Provided material below:

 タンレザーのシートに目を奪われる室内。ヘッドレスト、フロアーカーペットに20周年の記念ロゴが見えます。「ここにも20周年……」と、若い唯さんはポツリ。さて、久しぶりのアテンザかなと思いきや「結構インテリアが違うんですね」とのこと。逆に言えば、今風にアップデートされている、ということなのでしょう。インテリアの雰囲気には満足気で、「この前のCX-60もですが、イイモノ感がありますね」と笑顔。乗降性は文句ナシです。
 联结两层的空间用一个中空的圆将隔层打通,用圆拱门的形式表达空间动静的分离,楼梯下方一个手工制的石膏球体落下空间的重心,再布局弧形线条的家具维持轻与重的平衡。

End of Provided material.
Provided material below:

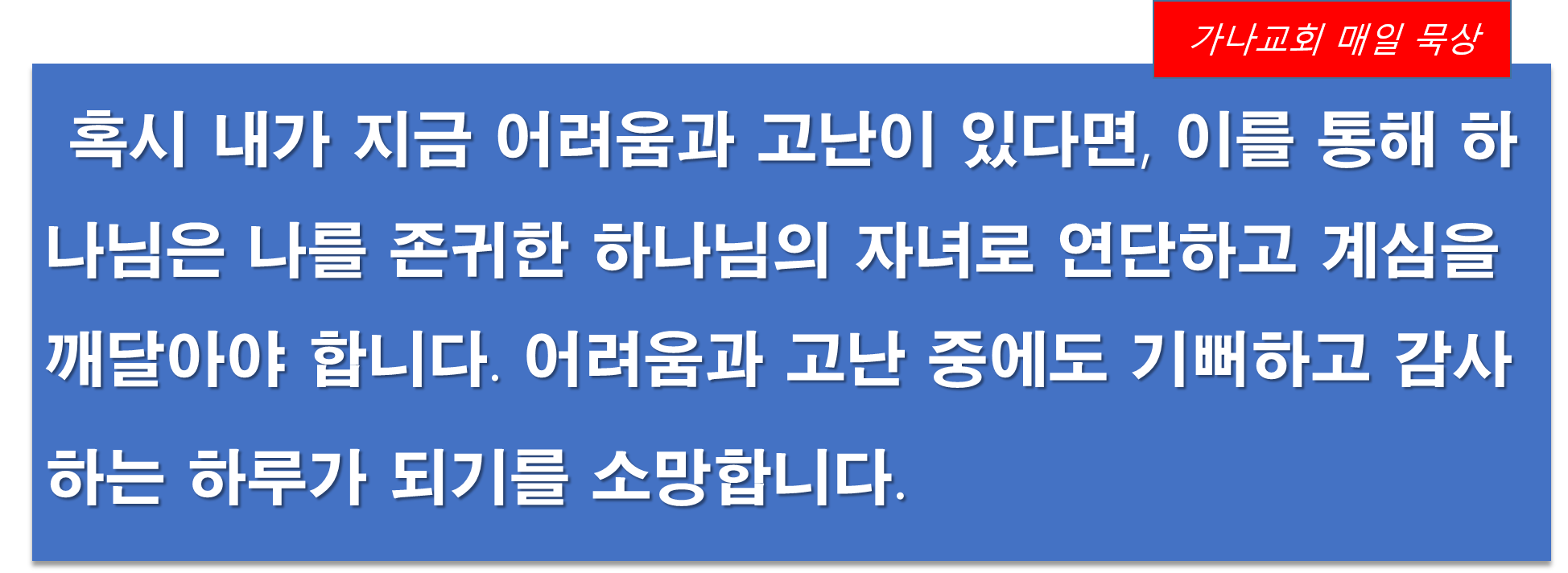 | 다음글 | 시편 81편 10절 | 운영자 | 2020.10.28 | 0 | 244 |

End of Provided material.
Provided material below:

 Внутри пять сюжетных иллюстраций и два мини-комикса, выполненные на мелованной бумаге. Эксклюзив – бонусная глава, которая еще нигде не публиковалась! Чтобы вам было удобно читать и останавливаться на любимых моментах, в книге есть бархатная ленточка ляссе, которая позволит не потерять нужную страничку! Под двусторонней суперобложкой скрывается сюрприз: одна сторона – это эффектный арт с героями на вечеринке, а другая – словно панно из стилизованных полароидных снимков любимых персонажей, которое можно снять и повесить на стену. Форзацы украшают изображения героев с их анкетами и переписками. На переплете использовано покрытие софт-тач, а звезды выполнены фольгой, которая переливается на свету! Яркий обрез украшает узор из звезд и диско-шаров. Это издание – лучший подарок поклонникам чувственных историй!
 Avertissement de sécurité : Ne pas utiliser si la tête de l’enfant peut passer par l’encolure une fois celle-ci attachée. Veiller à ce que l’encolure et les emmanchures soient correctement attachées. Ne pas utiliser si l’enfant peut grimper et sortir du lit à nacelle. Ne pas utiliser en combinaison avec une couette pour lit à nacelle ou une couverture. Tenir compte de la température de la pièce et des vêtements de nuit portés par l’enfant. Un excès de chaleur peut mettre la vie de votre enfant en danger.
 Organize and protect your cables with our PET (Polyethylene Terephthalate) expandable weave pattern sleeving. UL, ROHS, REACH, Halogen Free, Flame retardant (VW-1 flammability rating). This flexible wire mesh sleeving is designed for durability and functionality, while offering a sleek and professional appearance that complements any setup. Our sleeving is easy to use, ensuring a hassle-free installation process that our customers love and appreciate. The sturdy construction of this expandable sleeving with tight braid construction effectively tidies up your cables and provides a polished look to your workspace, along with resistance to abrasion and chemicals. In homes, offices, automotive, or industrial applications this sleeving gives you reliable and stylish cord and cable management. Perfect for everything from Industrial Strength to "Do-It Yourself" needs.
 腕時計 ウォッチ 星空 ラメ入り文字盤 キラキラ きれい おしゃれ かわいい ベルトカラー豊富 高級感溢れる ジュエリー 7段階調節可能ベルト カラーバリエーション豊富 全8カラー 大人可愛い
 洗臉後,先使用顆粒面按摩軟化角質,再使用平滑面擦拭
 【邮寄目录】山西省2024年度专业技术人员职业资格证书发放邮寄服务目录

End of Provided material.

From the entries above, extract only the lines running from the one containing "タンレザーのシートに目を奪わ" through the one containing "联结两层的空间用一个中空的圆", inclusive.

 タンレザーのシートに目を奪われる室内。ヘッドレスト、フロアーカーペットに20周年の記念ロゴが見えます。「ここにも20周年……」と、若い唯さんはポツリ。さて、久しぶりのアテンザかなと思いきや「結構インテリアが違うんですね」とのこと。逆に言えば、今風にアップデートされている、ということなのでしょう。インテリアの雰囲気には満足気で、「この前のCX-60もですが、イイモノ感がありますね」と笑顔。乗降性は文句ナシです。
 联结两层的空间用一个中空的圆将隔层打通,用圆拱门的形式表达空间动静的分离,楼梯下方一个手工制的石膏球体落下空间的重心,再布局弧形线条的家具维持轻与重的平衡。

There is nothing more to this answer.